• **TO DO**:
All of the data should be repeated exactly; pictures are not part of the copy.

• **DATA PROVIDED**:
....................

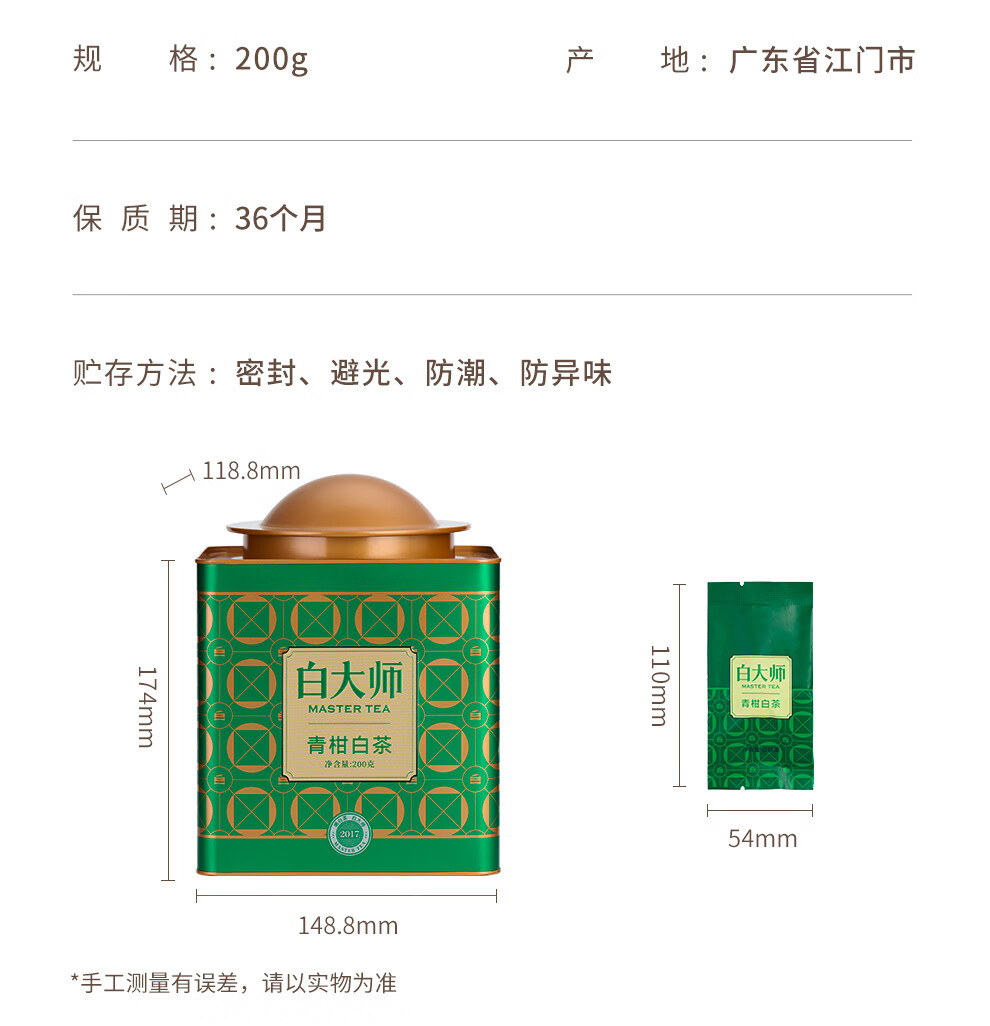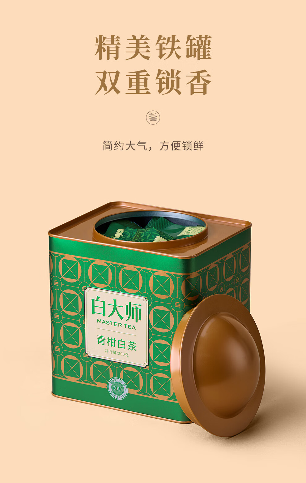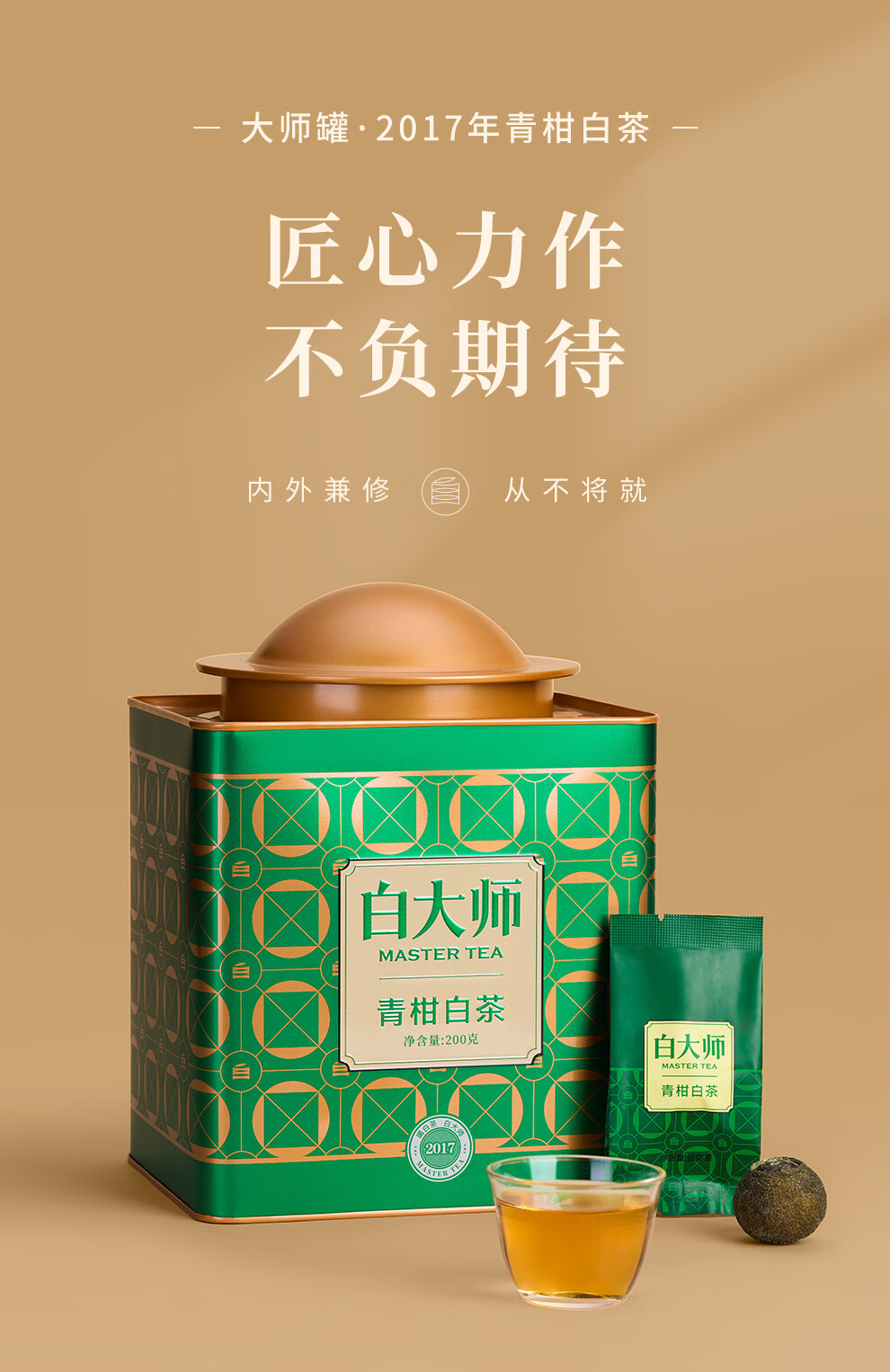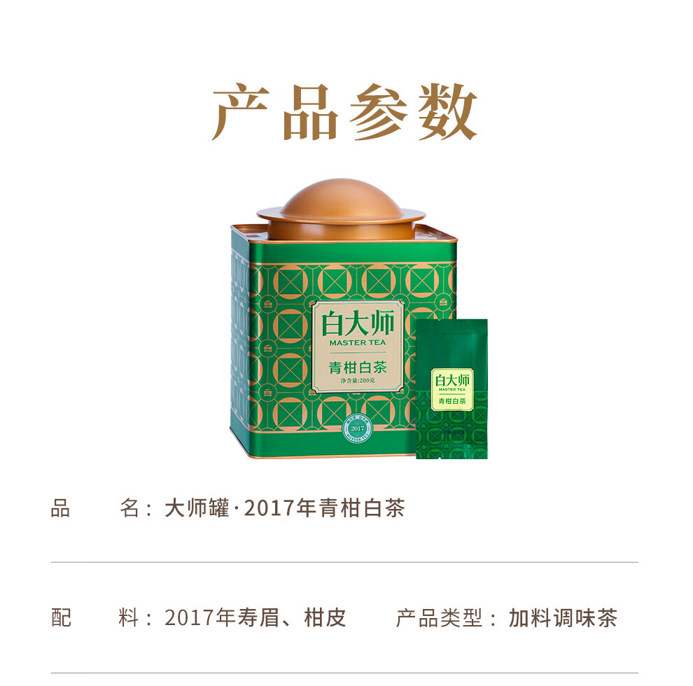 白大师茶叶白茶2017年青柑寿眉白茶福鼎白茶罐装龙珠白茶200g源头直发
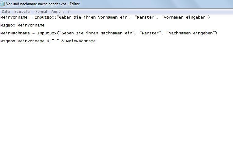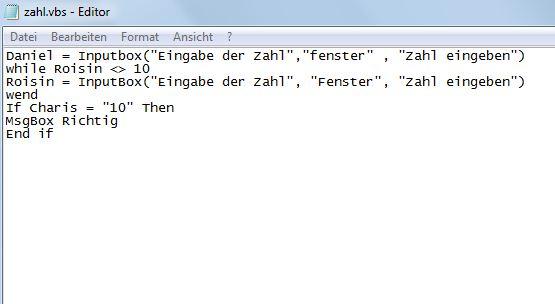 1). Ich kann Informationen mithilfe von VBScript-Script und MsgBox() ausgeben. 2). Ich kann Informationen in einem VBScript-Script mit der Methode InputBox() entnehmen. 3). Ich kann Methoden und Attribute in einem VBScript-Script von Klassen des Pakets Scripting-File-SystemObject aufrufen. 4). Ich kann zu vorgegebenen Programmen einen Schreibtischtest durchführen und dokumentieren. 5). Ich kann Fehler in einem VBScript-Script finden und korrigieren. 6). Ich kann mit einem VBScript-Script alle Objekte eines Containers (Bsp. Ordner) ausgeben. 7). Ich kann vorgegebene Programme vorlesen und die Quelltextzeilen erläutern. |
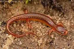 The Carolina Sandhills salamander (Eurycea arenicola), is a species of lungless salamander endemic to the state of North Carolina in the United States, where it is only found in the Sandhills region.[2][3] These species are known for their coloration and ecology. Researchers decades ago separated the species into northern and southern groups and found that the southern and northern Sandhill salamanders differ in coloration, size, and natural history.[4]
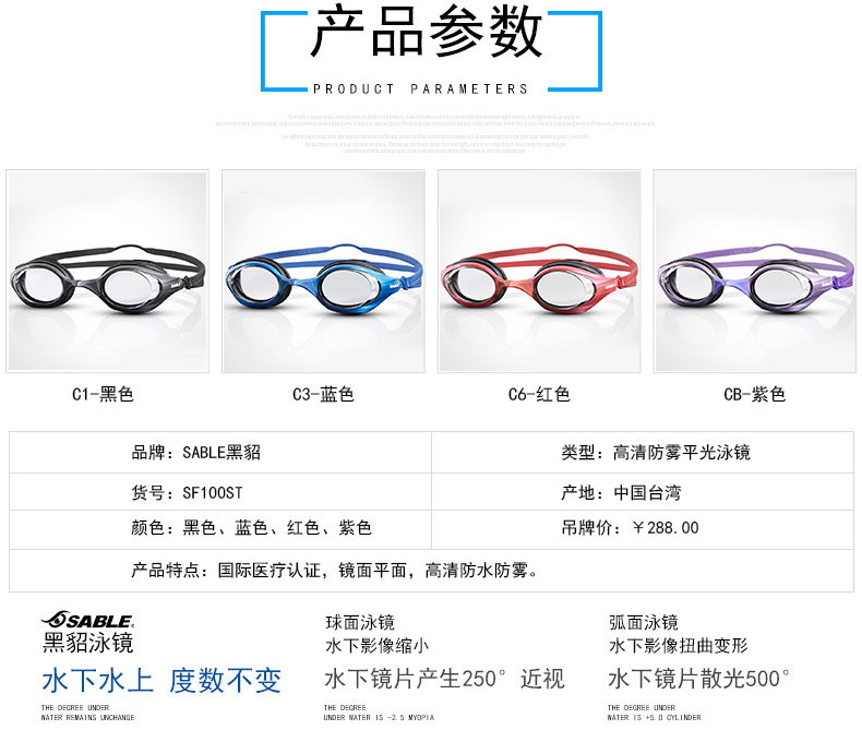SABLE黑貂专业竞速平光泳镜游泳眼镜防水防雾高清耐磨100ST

....................

• **ANSWER FOR THIS EXERCISE**:
 白大师茶叶白茶2017年青柑寿眉白茶福鼎白茶罐装龙珠白茶200g源头直发
 1). Ich kann Informationen mithilfe von VBScript-Script und MsgBox() ausgeben. 2). Ich kann Informationen in einem VBScript-Script mit der Methode InputBox() entnehmen. 3). Ich kann Methoden und Attribute in einem VBScript-Script von Klassen des Pakets Scripting-File-SystemObject aufrufen. 4). Ich kann zu vorgegebenen Programmen einen Schreibtischtest durchführen und dokumentieren. 5). Ich kann Fehler in einem VBScript-Script finden und korrigieren. 6). Ich kann mit einem VBScript-Script alle Objekte eines Containers (Bsp. Ordner) ausgeben. 7). Ich kann vorgegebene Programme vorlesen und die Quelltextzeilen erläutern. |
 The Carolina Sandhills salamander (Eurycea arenicola), is a species of lungless salamander endemic to the state of North Carolina in the United States, where it is only found in the Sandhills region.[2][3] These species are known for their coloration and ecology. Researchers decades ago separated the species into northern and southern groups and found that the southern and northern Sandhill salamanders differ in coloration, size, and natural history.[4]
SABLE黑貂专业竞速平光泳镜游泳眼镜防水防雾高清耐磨100ST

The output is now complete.